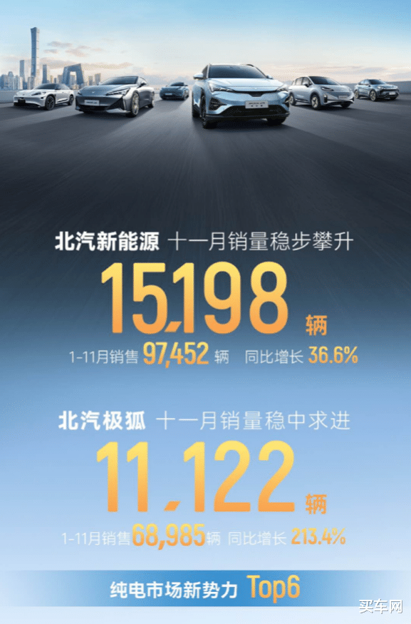 特斯拉作为曾经的领头羊,近期销量明显下滑,10月销量降幅超40%。与此同时,自主品牌新能源汽车表现强劲,市场份额增长至77%。在自主品牌中,北汽极狐的增速尤为显著。从2月的销量不足千辆,到6月突破八千,再到8月起连续破万, 11月,极狐稳中求进,销量11122辆,位居纯电市场新势力TOP6。
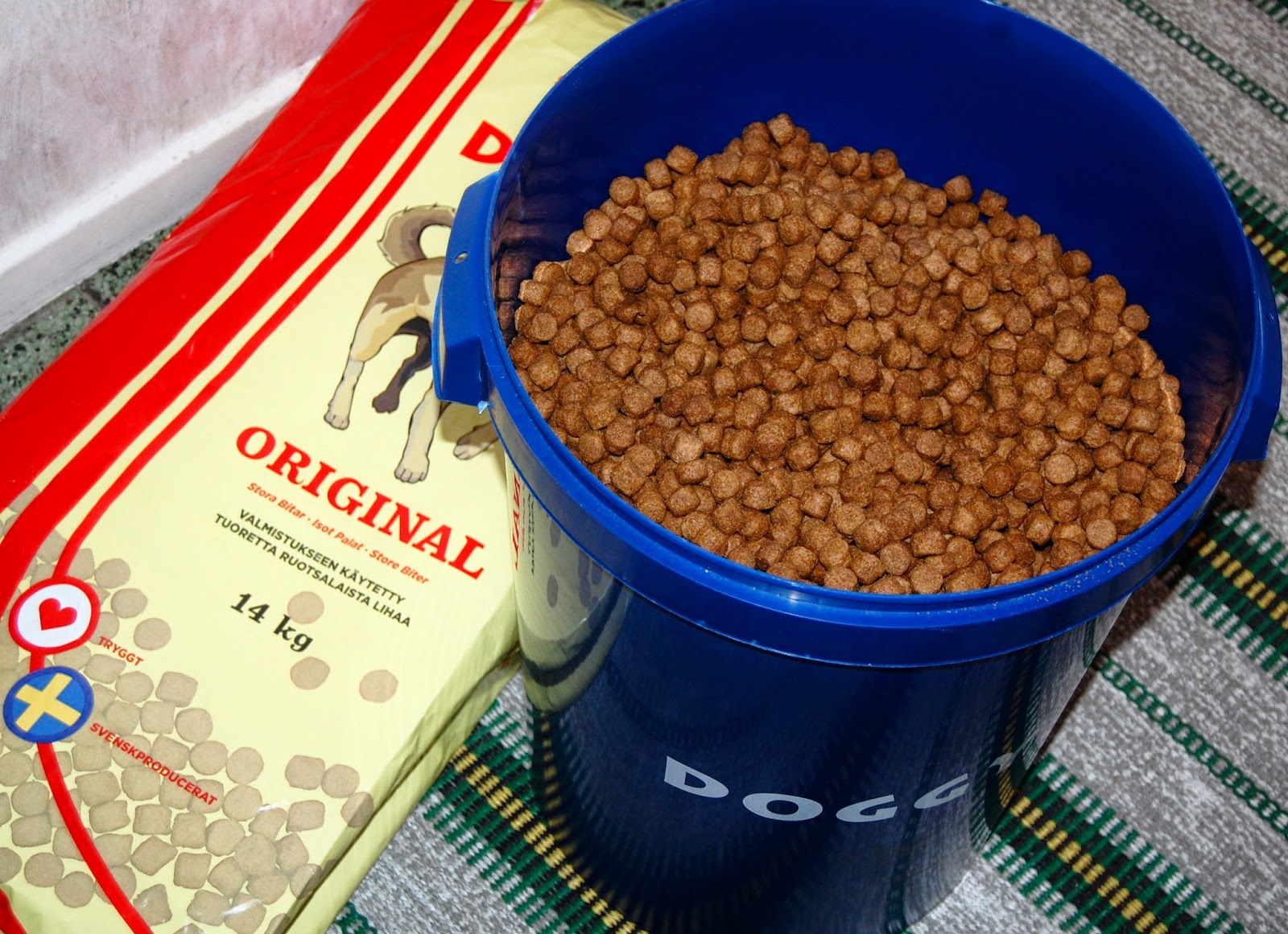 3 x 14 kilo stora och små Doggy hamnade i källaren och nu klara man sig ett tag. Jag har dem i dessa tunnor från Doggy och där håller de sig bra och så färska som bara är möjligt.
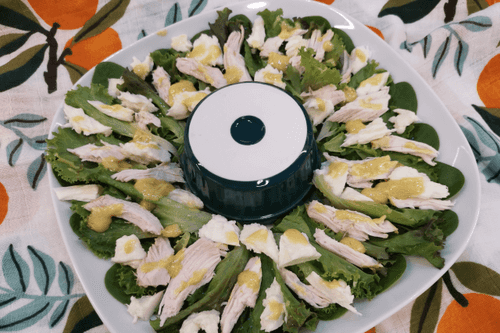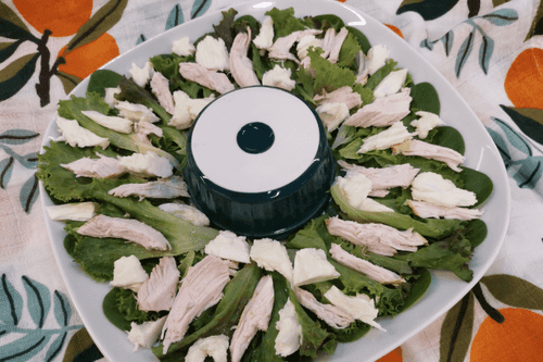 Place the chicken in the salad.
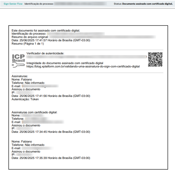 Após a conclusão do processo de assinatura, o usuário solicitante receberá uma notificação por e-mail. Ao clicar em Visualizar Assinaturas, a mensagem Este documento foi assinado com certificado digital será exibida no registro de assinaturas.
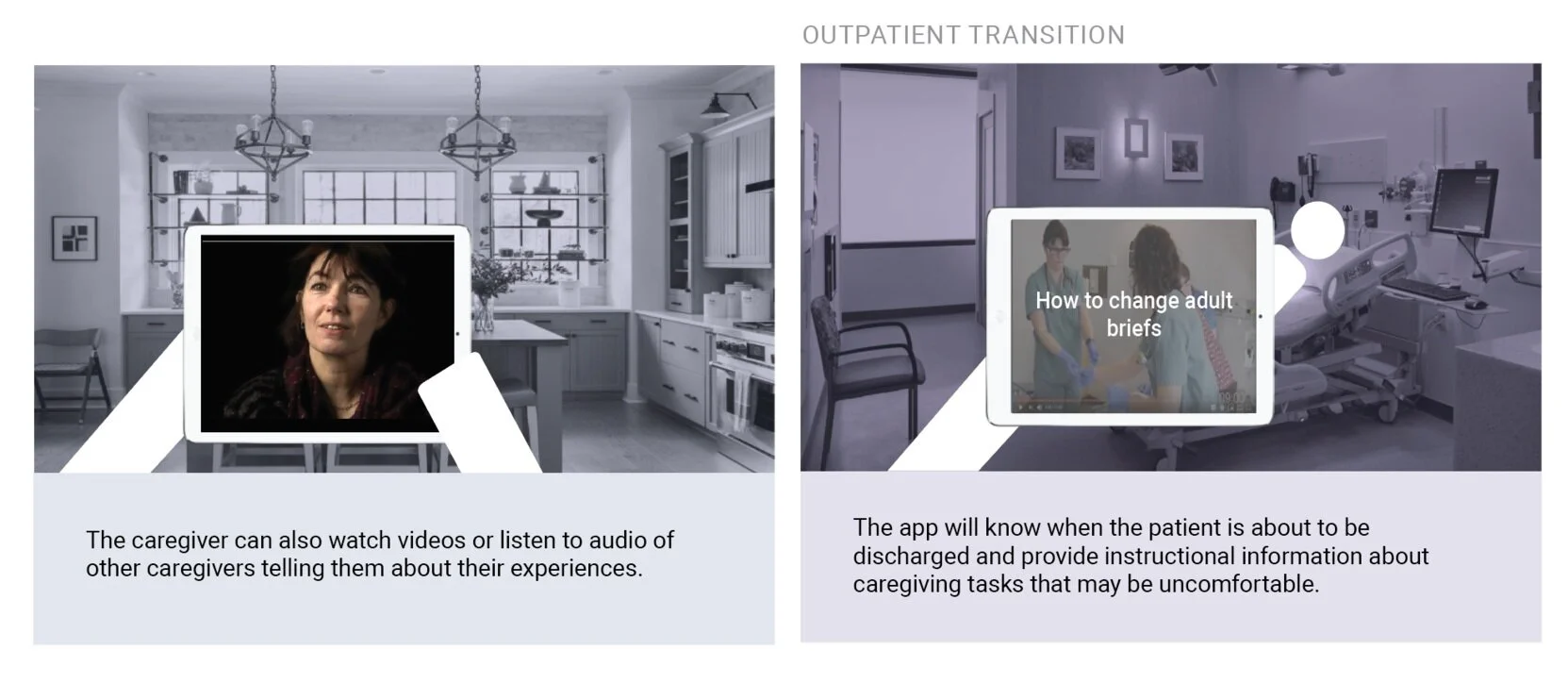 Because caregivers have different experiences with symptom severity, technology in general, and the healthcare system, touchpoints with social workers or RNs in concert with the application should also be designed to ensure engagement and to understand when situations might require a person instead of a digital intervention (i.e. very severe symptoms).

▶ _Activity_: Please leave out the pictures as you reproduce the lines exactly, from the first line of the entries through the line containing "Place the chicken in the salad.".

▶ _Task solution_:
 特斯拉作为曾经的领头羊,近期销量明显下滑,10月销量降幅超40%。与此同时,自主品牌新能源汽车表现强劲,市场份额增长至77%。在自主品牌中,北汽极狐的增速尤为显著。从2月的销量不足千辆,到6月突破八千,再到8月起连续破万, 11月,极狐稳中求进,销量11122辆,位居纯电市场新势力TOP6。
 3 x 14 kilo stora och små Doggy hamnade i källaren och nu klara man sig ett tag. Jag har dem i dessa tunnor från Doggy och där håller de sig bra och så färska som bara är möjligt.
 Place the chicken in the salad.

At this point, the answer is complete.